Breaktime
- Founded: 2018; 8 years ago
- Founders: Connor Schoen and Tony Shu
- Type: 501(c)(3) organization
- Headquarters: 63 Franklin Street, Boston, MA 02110
- Location: Boston, Massachusetts, U.S.;
- Coordinates: 42°21′51″N 71°03′43″W﻿ / ﻿42.36404°N 71.06192°W
- Website: breaktime.org

= Breaktime (organization) =

Non-profit organization in Massachusetts, US

Breaktime is a 501(c)(3) non-profit based in Boston, Massachusetts, which works to reduce young adult homelessness through transitional employment.

Breaktime employs young adults experiencing homelessness in living wage job opportunities. The organization provides its program participants with job training, job placement and then years of support. During 2020, the company employed 25 young adults that were experiencing homelessness, who worked to address food insecurity in the community, preparing and delivering over 650,000 meals to people experiencing food insecurity throughout Greater Boston. Since then, Breaktime has employed almost 200 young adults in the Greater Boston Area.

In 2024, Breaktime opened a hub for solving young adult homelessness in its new Downtown Boston location. The office is equipped with showers, laundry machines, donated food and clothes, and a job training space. The building's lower floors are reserved for future partnerships with local organizations, including with Boston Health Care for the Homeless.

Cofounders Connor Schoen and Tony Shu were honored in the 2021 Forbes 30 Under 30 listing for Breaktime's social impact in reducing young adult homelessness.

==History==
Cofounders Schoen and Shu met as Harvard undergraduate students while working at the homeless shelter, Y2Y, in Harvard Square. Schoen and Shu founded Breaktime in 2018. Breaktime became Boston’s first transitional employment program specifically tailored to young adults experiencing homelessness.

In collaboration with the Community Works Service in Boston, Breaktime launched its first program, the Double Impact Initiative, in response to the global pandemic. This program employs young adults experiencing homelessness to make and distribute meals for Bostonians experiencing food insecurity. The young adult associates work at local job sites like food pantries while also receiving above-minimum wages with matched savings and career counseling.

In December 2024, Breaktime purchased its downtown office building at 63 Franklin Street for $6.3 million. Offering comprehensive services to young adults experiencing homelessness, the space will include dedicated areas for career training, laundry, showers, and a health clinic. The new building boasts proximity to Boston's transit infrastructure, making its program accessible to young adults across the area.

==Programs==

===Program===
Breaktime's yearlong program consists of workplace training, followed by a three-month job placement at a nonprofit or small business, in addition to credit counseling. Breaktime provides support for many young adults experiencing homelessness who identify as LGBTQ+ and/or were raised in the foster care system. Breaktime provides support for its program graduates for many years after graduation as well.

Breaktime is partnered with a dozen small businesses. Program participants earn valuable work experience. Breaktime co-funds employee wages, so small businesses access trained workers at reduced costs..

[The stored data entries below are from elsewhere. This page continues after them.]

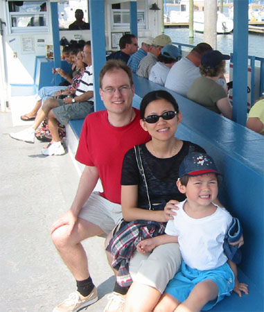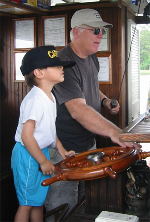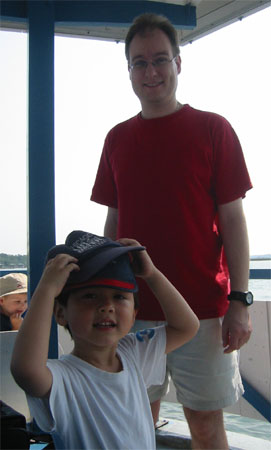 5/29/06 - 來到這兒沒有自用遊艇可開出海,那當然要坐船去看看海豚囉!所以這天早上的行程是Dolphin watch cruise。總共兩小時,對Luka來說久了點兒,要他一直乖乖坐著找茫茫大海裡的一兩隻海豚,實在很不可能,不過後來船長讓小朋友輪流去幫他開船,Luka很興奮,第一次開船喔!Luka娘可一次都沒開過呢!
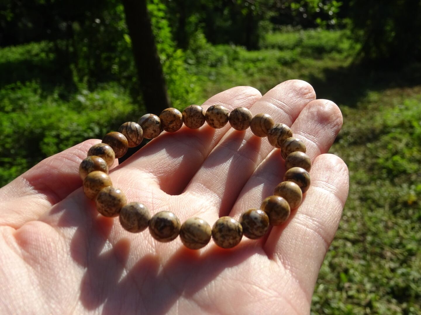 こちらは樹木の化石のような温かみのあるブレスレット。それぞれの玉模様が美しいです。
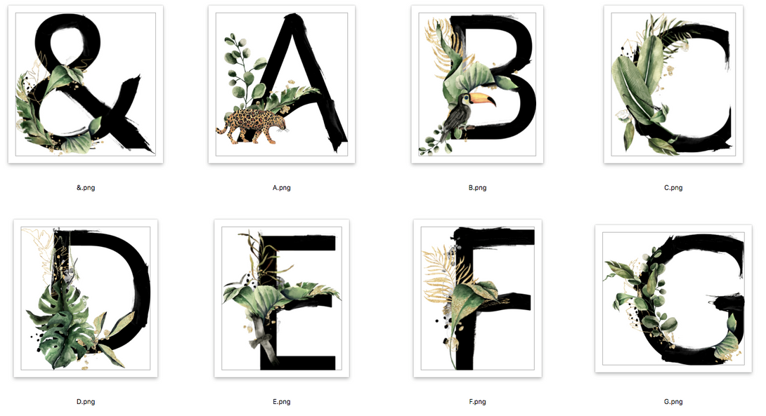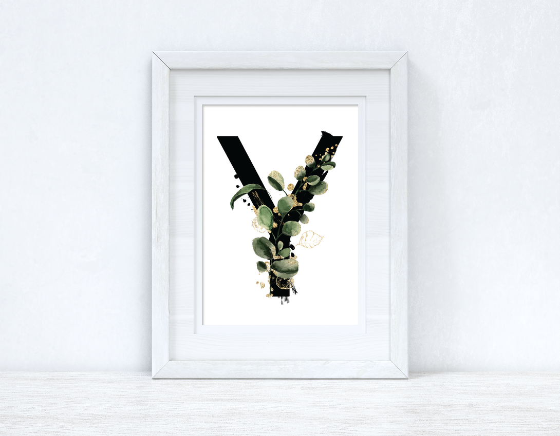 Watercolour Jungle Black Green Golds Personalised Alphabet Letter Bedroom Home Wall Decor Print
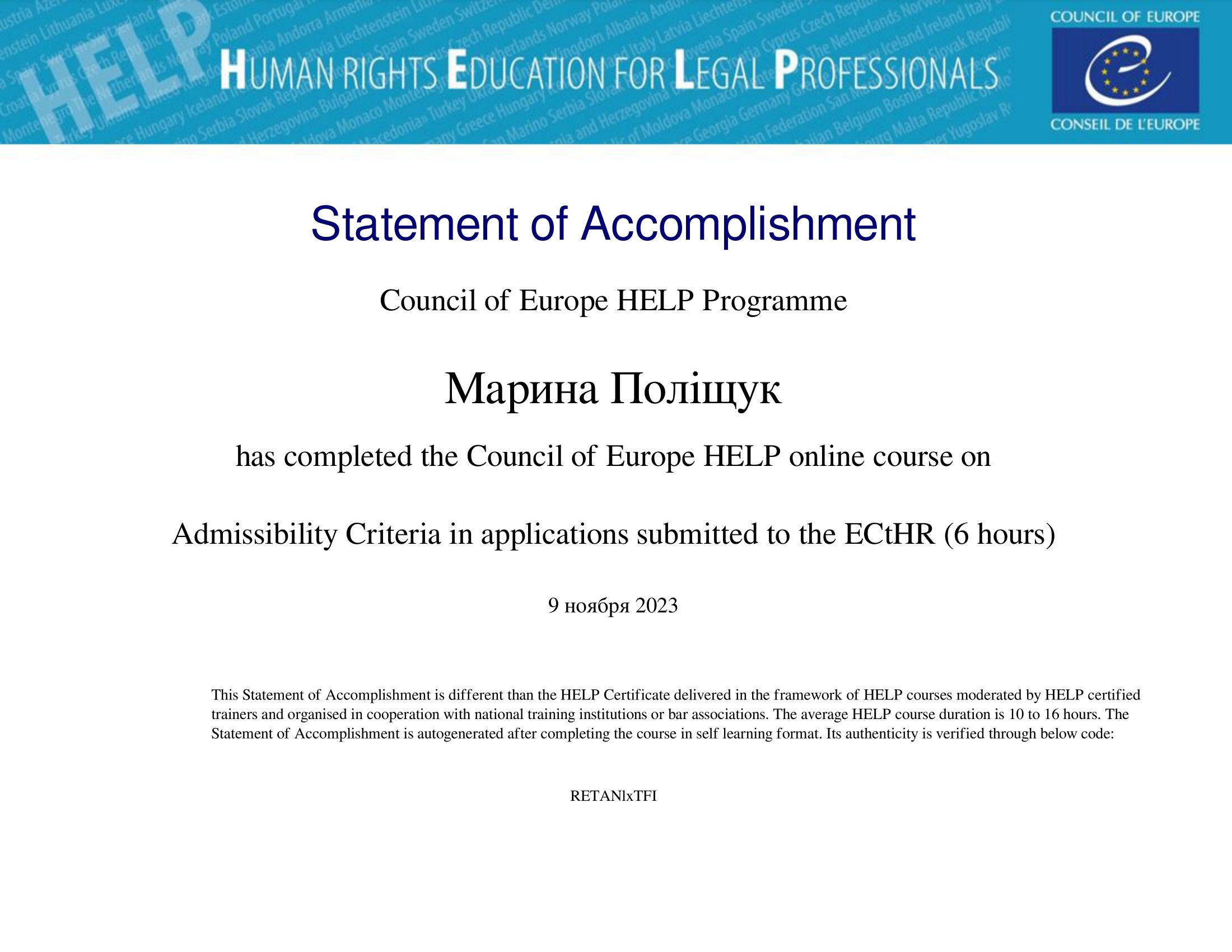 Прослухала курси за темами: "Рівний доступ жінок до правосуддя" - курс охоплює всебічний огляд міжнародних і європейських стандартів прав людини та гендерної рівності, судової практики та встановленої належної практики та "Право на індивідуальне звернення до Суду" - курс висвітлює відмінні риси та основні досягнення Європейської конвенції про захист прав людини. Отримала знання щодо стандартів і презендетної практики Європейського суду з прав людини.

Participants (associates) in Breaktime's program attend a 3-week training program to explore their skills and potential career paths. After completing training, associates work at a three-month job placement site with a small business or nonprofit. Upon graduation, associates continue to receive nine months of regular check-ins and financial counseling and support from Breaktime.

According to Breaktime, 83% of program alumni are working and are in school compared to 12% prior to Breaktime. Breaktime alumni experience a 33% increase in wages and 77% of alumni are now in stable housing.

==Fundraising and partnerships==
Breaktime is a part of the City of Boston's long term plan, "Rising to the Challenge," to end young adult homelessness in Boston and is one of the 54 recipients of the City of Boston's 2022 Youth Development Fund, which provides $1.25 million in funding for youth and young adult violence prevention.

Breaktime is backed by supporters including the City of Boston, Liberty Mutual, Black Rock, Boston Resiliency Fund, The American Heart Association, Born This Way Foundation, Forest Foundation, William and Anngenette Tyler Fidelity Fund, MassMutual Foundation, John Hancock, Riley Foundation, and Martin Richard Foundation

Breaktime is also partnered with organizations including the Cape Verdean Association of Boston, Jewish Family & Children's Services, Project Hope, and Sojourner House.